Malfoy shot him a quick glance, brows raised. He guided them to the right, up another staircase — narrow and close to an outer wall. Harry felt a draft coming in through the stone.

“Where are we going?”

“East wing. Attic.”

“Attic?”

“Storage.” Malfoy paused halfway up the stairs — halted Harry with a hand. He took out his wand, tapped it to what seemed like a wall but soon glowed with the outline of a small door. They had to duck to pass through, ending up in a bare-looking hallway — no carpets or furnishing, just wood panels and simple doors. A servant’s passage, he thought.

Malfoy waved his gloves about to clear the dust in front of him. They were walking again. “Cecilia never married, you see,” he began, apropos nothing. “Never moved out of the manor. She took care of her mother for most of her life, and after that — well.” Malfoy took them up another staircase, even narrower, steeper. The railing creaked when Harry held on to it.

Malfoy did not so much walk up the stairs as jogged up, his steps light. “Most of her belongings, I believe, have been preserved. If not only for the fact that she had a lovely habit of charming all that she owned to be confined to the manor.”

Harry nearly crashed into him when they reached the top floor, the stairs ending in a door rather than a platform. Malfoy took out the key-ring and began fiddling with several of the larger skeleton keys.

“Had she charmed the coin you gave me?”

Malfoy hummed, not an answer at all. Harry watched his narrow shoulders moving under his large cloak.

“Malfoy. How did you get the coin off the grounds?”

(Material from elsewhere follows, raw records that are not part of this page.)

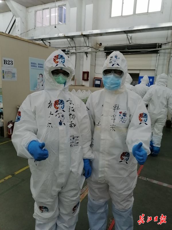 表情包已经贴在了江汉开发区方舱医护人员身上
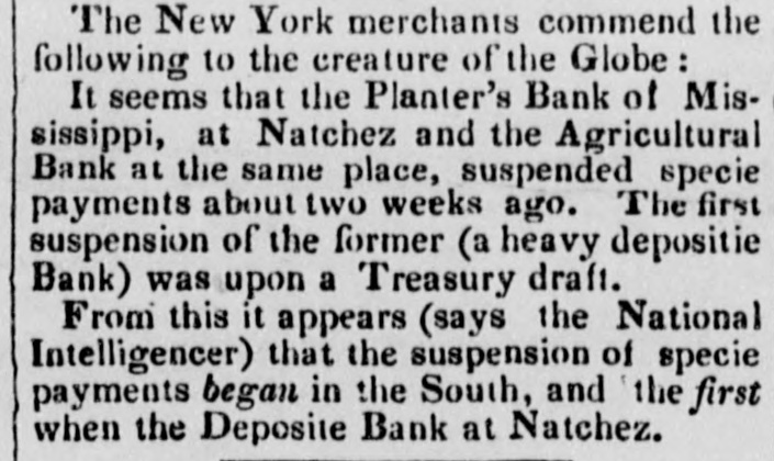 The New York merchants commend the following to the creature of the Globe It seems that the Planter's Bank of Mississippi, at Natchez and the Agricultural Bank at the same place, suspended specie payments about two weeks ago. The first suspension of the former (a heavy depositie Bank) was upon a Treasury draft. From this it appears (says the National Intelligencer) that the suspension of specie payments began in the South, and the first when the Deposite Bank at Natchez.
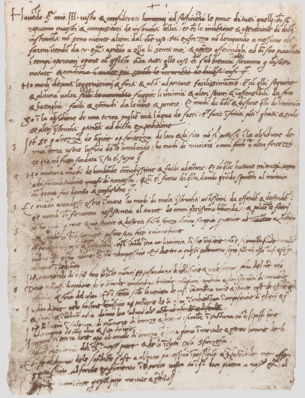 达·芬奇写给米兰大公的自荐信,信中开列他能贡献的数十项技艺。
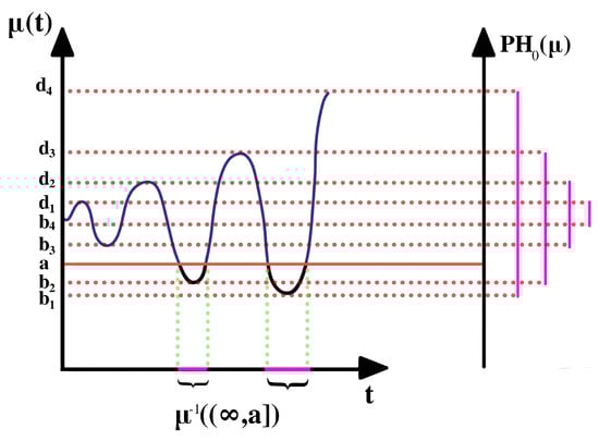 As parameter a increases, the corresponding sequence of pre-images (i.e., ) forms a sub-level set filtration. The topology of the pre-image only changes when a goes through a critical value with the non-vanishing second derivative or non-singular Hessian matrix. At every critical value, a component is either born (at local minima) or dies (at local maxima) by merging with another component.
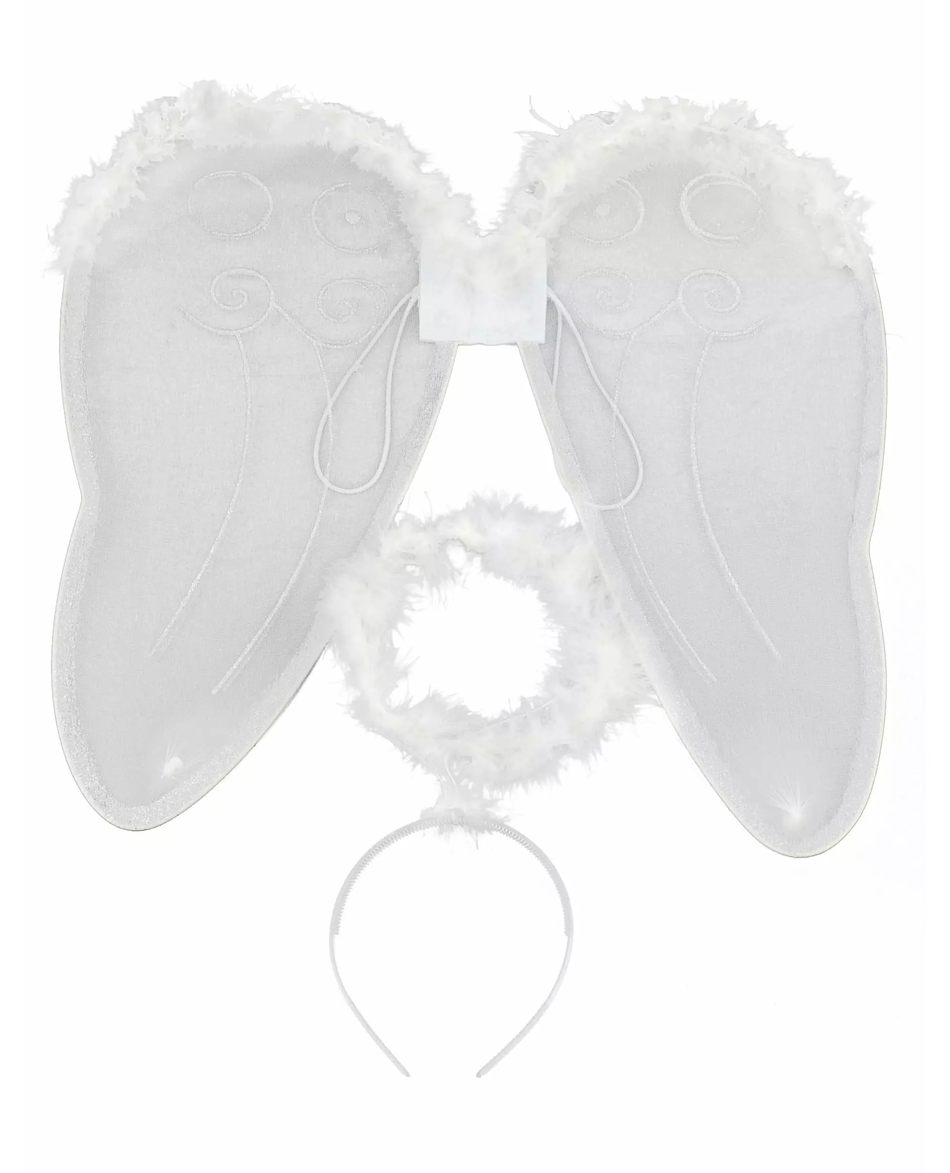 Engleaktig! Dette hvite englesettet for voksne består av et par vinger og en glorie. Vingene er laget av hvitt stoff med sølvpaljetter og hvite fjær rundt vingene. De bæres med elastiske stropper. Glorien er laget av hvite, luftige fjær. Den er festet til et pannebånd. Dette englesettet vil være ideelt for å fullføre englekostymet ditt, under en engel- og demontemafest eller til karneval. Inkludert tilbehør: Pannebåndvinger
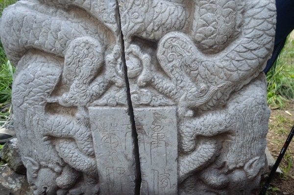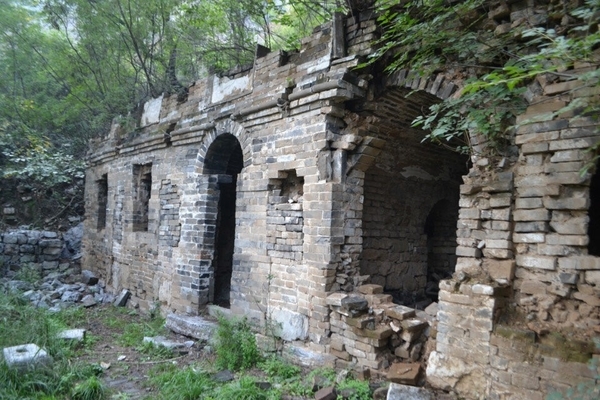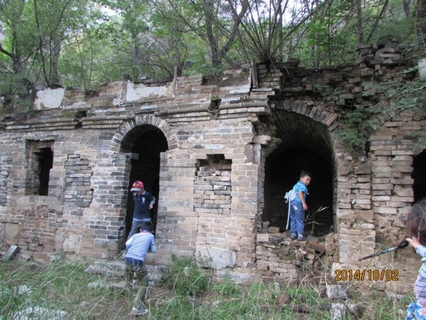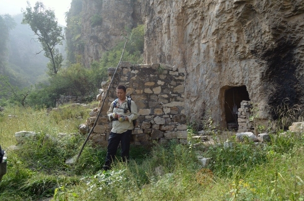 当上至视野较为开阔的地方,可俯视深不可测的峡谷。上到半山腰一处较大的平地后,我们驻足休息顺便探访宋代佛寺、道观、钟鼓楼(因年代久远,某些景观已无处寻迹)。当我来到这座佛寺后,眼前的景色是一派荒芜,钟鼓楼已经残缺不全,院落杂草丛生。两块碑文石刻安静地躺在杂草中,石建的道观破败不堪。传说这里曾是道教圣地,创建此道观的主人叫孙不二,是金代全真教第二代教主马丹阳之妻,道观名曰不二庵。 老大佐笾为大家讲述有关孙不二俺的历史。我看着断裂的石碑,端详着无法识别的文字,不知这碑源自哪一位能工巧匠之手,经过千锤百炼、精雕细琢而成,在沐浴了千百年风风雨雨的洗礼后,落得粉身碎骨的下场,令人惋惜。

“Oh, I’m simply very talented with charms, you see.” He found the right key, opened the door, ushered them through. There was a forced edge to his voice when he added, “Barely a minute’s work, if that.”

The attic was massive. It seemed to span half the manor’s footage, divided into sections with thin, wooden walls. It smelled like history and mildew, like dust itself. Dim rays of sun slanted in, throwing the space into stark shadows. Malfoy showed him to a walled section with a plaque on the wood, a simple engraving indicating that the pile of trunks and old lace had once belonged to Cecilia Adrianna Malfoy.

The disarray of opened cases and scattered pieces of parchment — along with the disturbance in the dust on the floor — hinted at Malfoy’s own research, the time he’d spent rummaging through an old aunt’s treasury.

“In case it’s not obvious,” Malfoy said, clasping his hands behind his back, holding on to his gloves, “don’t touch anything — it might be cursed. Levitate it, check for traces, you should be able to detect a cursed item. Emphasis on should ,” he drawled. “But who am I to dictate the bar of magical competency? If you’re not sure, ask me. I’ll—”

“You’re staying?” While I—”

“Of course I’m staying, Potter, why else would I have come with you? Surely not to visit the portrait of great-aunt Xanthippe and her ten dachshunds. I say.” He cleared his throat, and again sounded like he was repeating a practised phrasing when he added, “I’d rather not be held responsible if — no, when you, with all your brash mindlessness, get yourself hexed or cursed on Malfoy grounds. Lord knows the Ministry would have an absolute—”

“Fine. Whatever. Fine. Are you just gonna stand there, though, or are you gonna help me?”

Malfoy waited for a beat before answering. “I will continue conducting my own research.”

“Okay.”

“Which will be into Cecilia Malfoy’s heritage.”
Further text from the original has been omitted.